Quanta rabbia, quale senso di ingiustizia si prova a vivere in un’Italia che ha saputo corrompere tutto, anche il nostro meritato ambire ad avere ciò che ci spetta per quello che valiamo. Ognuno di noi trova una grande gioia nel vedersi riconoscere il frutto del proprio lavoro, la meritata ricompensa per il proprio sforzo e quanto soffre nel vedere invece che siamo oppressi da un sistema di un’impenetrabile casta feudale che tutto domina e tutto vuole, anche ciò che non gli spetta, per esempio un lavoro, o un premio, o una promozione, quando per esempio noi valiamo di più.

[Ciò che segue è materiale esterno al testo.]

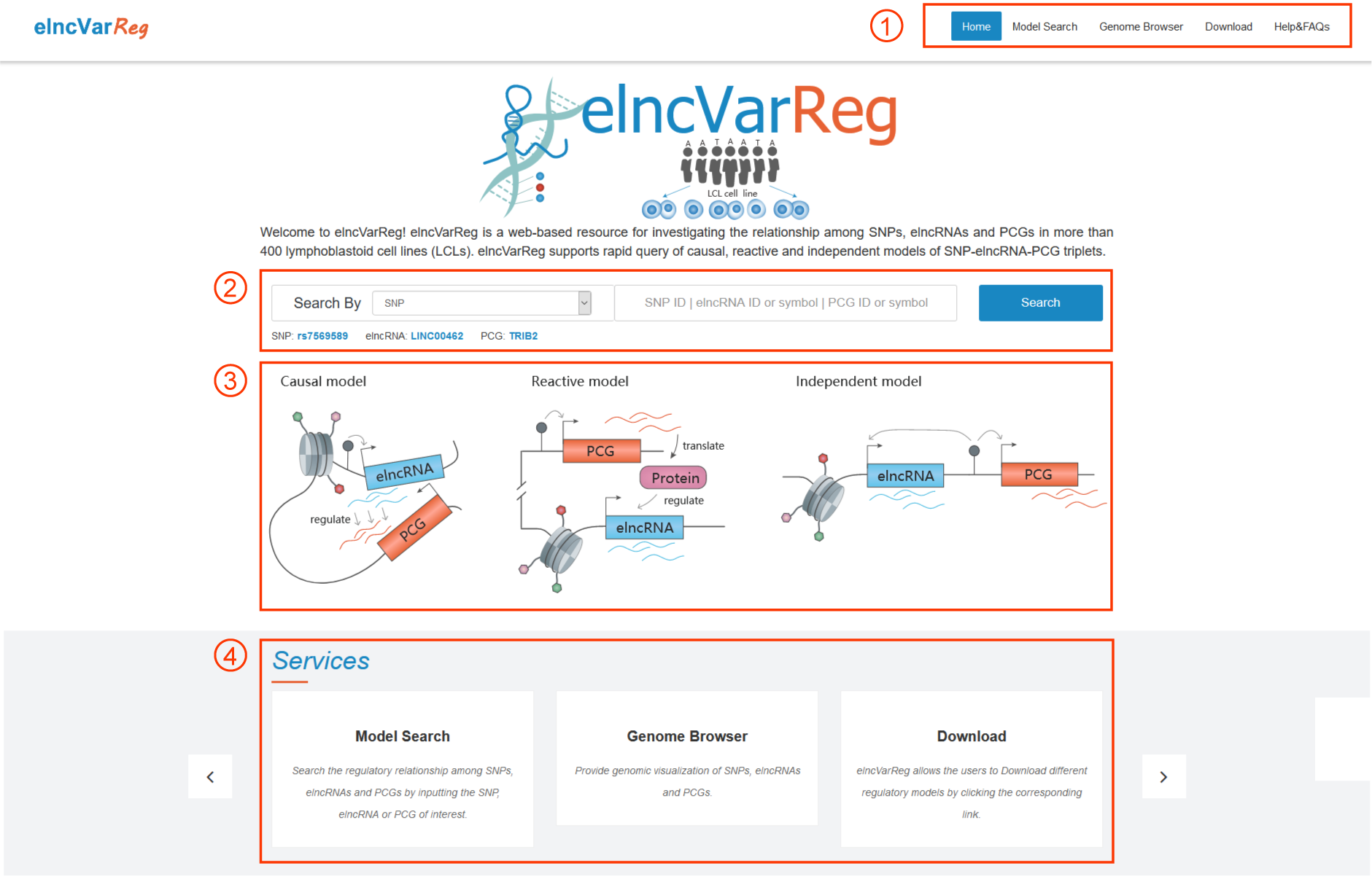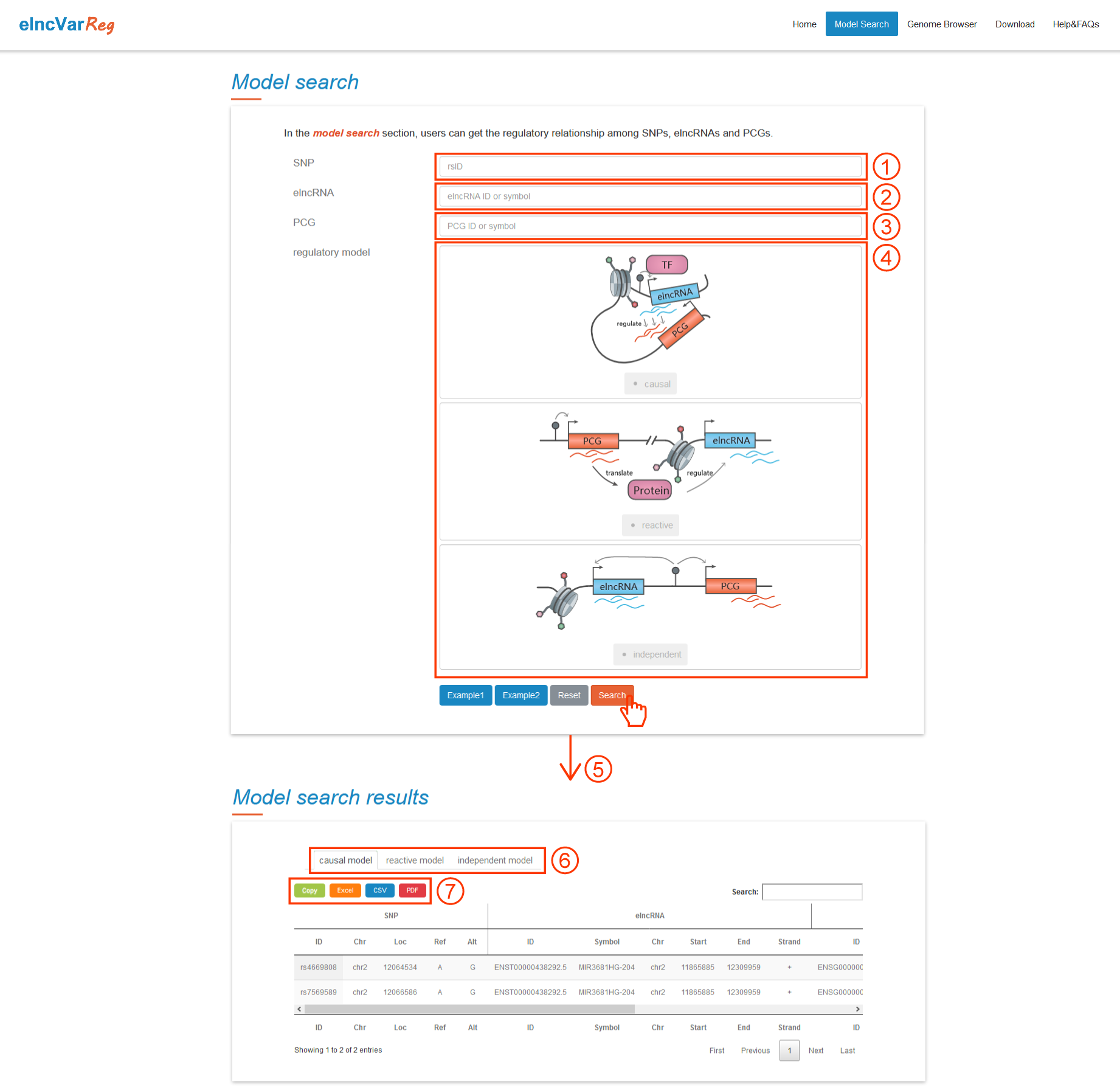 In the model search section, users can get the regulatory relationship among SNPs, elncRNAs and PCGs.

Il Veneto indipendente saprà ricreare uno spirito di meritocrazia, dove ognuno sarà scelto per i propri meriti e per le proprie capacità e non in virtù della conoscenza di questo, o di quel politico.

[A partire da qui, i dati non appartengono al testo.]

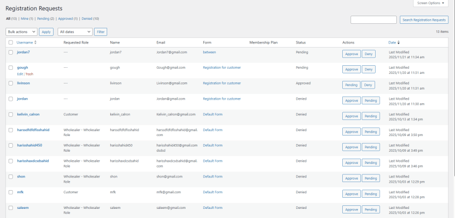 Pending or denied users cannot log in — they receive your configured message on the login screen.
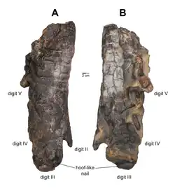 - ^ Sereno, Paul C.; Saitta, Evan T.; Vidal, Daniel; Myhrvold, Nathan; Real, María Ciudad; Baumgart, Stephanie L.; Bop, Lauren L.; Keillor, Tyler M.; Eriksen, Marcus; Derstler, Kraig (December 18, 2025). "Duck-billed dinosaur fleshy midline and hooves reveal terrestrial clay-template "mummification"". Science. 391 (6780) eadw3536. doi:10.1126/science.adw3536.
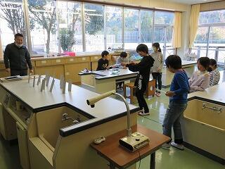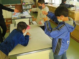4年生の理科をのぞくと、学習で使った空気鉄砲を使ってゲームをしていました。
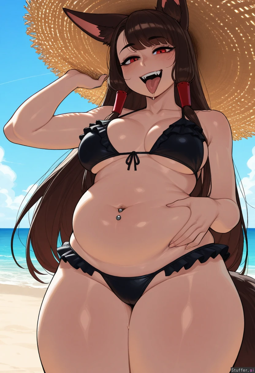 krekkov, KAMII MOMORU(artist), (highly detailed, best quality, masterpiece), (perfect anatomy, vibrant colours,, shadow, perfect shading), (beautiful face, beautiful eyes), (Akagi (Azur Lane)) Navel piercing, ((black frilly bikini)), medium breasts, sun setting, beach, Thick thighs, soft belly, bloated belly, ( confident, proud, seductive, horny)), (Open mouth, tongue out, slight blush), (Saliva strings, fangs), (Grabbing belly), (((She has gained a huge amount of weight giving her a round fat belly)))
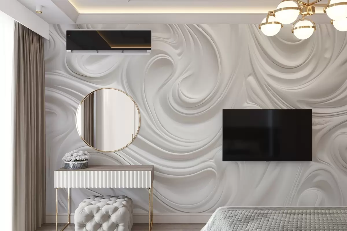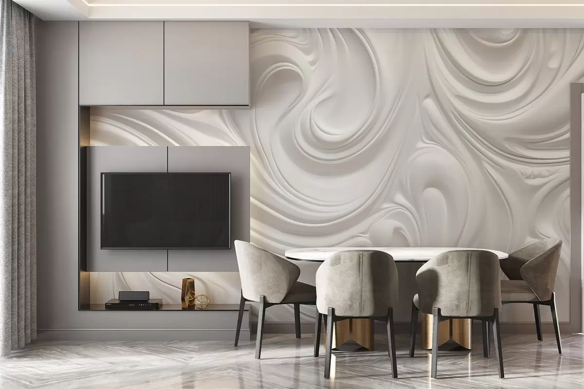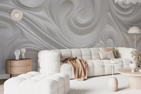 Valokuvatapetti Valkoinen abstrakti moderni taide, jossa on nestemäisiä pyörteitä ja aaltoja, sileä rakenne, tyylikäs muotoilu, minimalistinen estetiikka Nr w09059
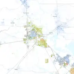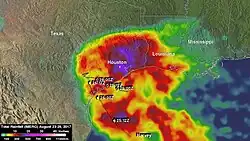 Hurricane Rita in 2005 and Hurricane Ike in 2008 both caused significant damage.[43][44] Both Hurricane Harvey in 2017 and Tropical Storm Imelda in 2019 caused historic flooding throughout the city.[45] Hurricane Laura in 2020 posed a significant threat to the town,[46] as it was forecasted to make landfall at the border of Texas and Louisiana, almost following the same track as Hurricane Rita in 2005. The storm turned more northerly close to landfall, and spared Beaumont the worst impacts and damage. Minor damage was reported with winds gusting around hurricane-force for a short period of time as Laura moved over Lake Charles, Louisiana. Also, Hurricane Delta in 2020 passed near the region as it made landfall in Southwest Louisiana.[47] Impacts were about the same with Delta as they were with Laura.
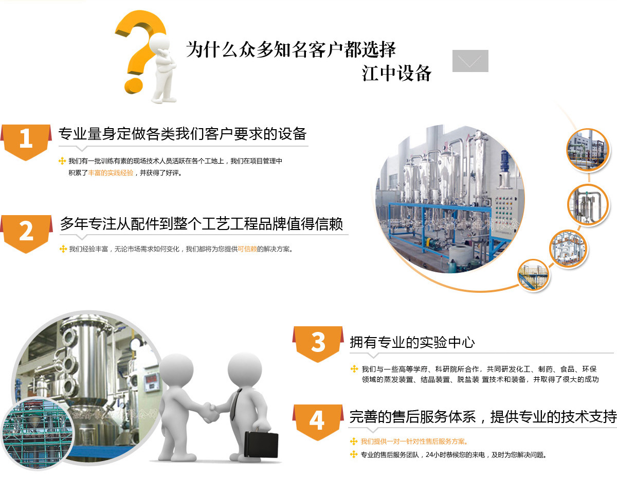 江陰市江中設備制造有限公司是一家專業從事蒸發(fā)、濃縮、提取、污水處理等設備的廠家。廣泛應用于制藥、化工、食品、農副產品深加 冶金、電子等多個領域。產品遍及全國三十余個省、市、區,并遠銷歐美及東南亞一些國家和地區。公司實力雄厚,匯聚了一批高層次、高素質 的專業人才,一直致力于產品的開發(fā)、生產和管理,并十分注重科技創(chuàng)新,所生產的設備受到用戶的青睞。

Ciò sarà possibile grazie al ridimensionamento della sfera del politico, dello stato e al venir meno della deprecabile malattia del corporativismo che ci è stata inoculata dal fascismo italiano, cancellando la tradizione veneta delle arti e dei mestieri, sostituendola con il dominio dei professionisti e degli albi autoreferenziali.
Il Veneto indipendente non permetterà, per fare un esempio, che un giornalista debba essere riconosciuto come tale in virtù di una tessera di appartenenza ad un organizzazione di parte. Un giornalista sarà tale se saprà scrivere bene e fare al meglio il proprio mestiere.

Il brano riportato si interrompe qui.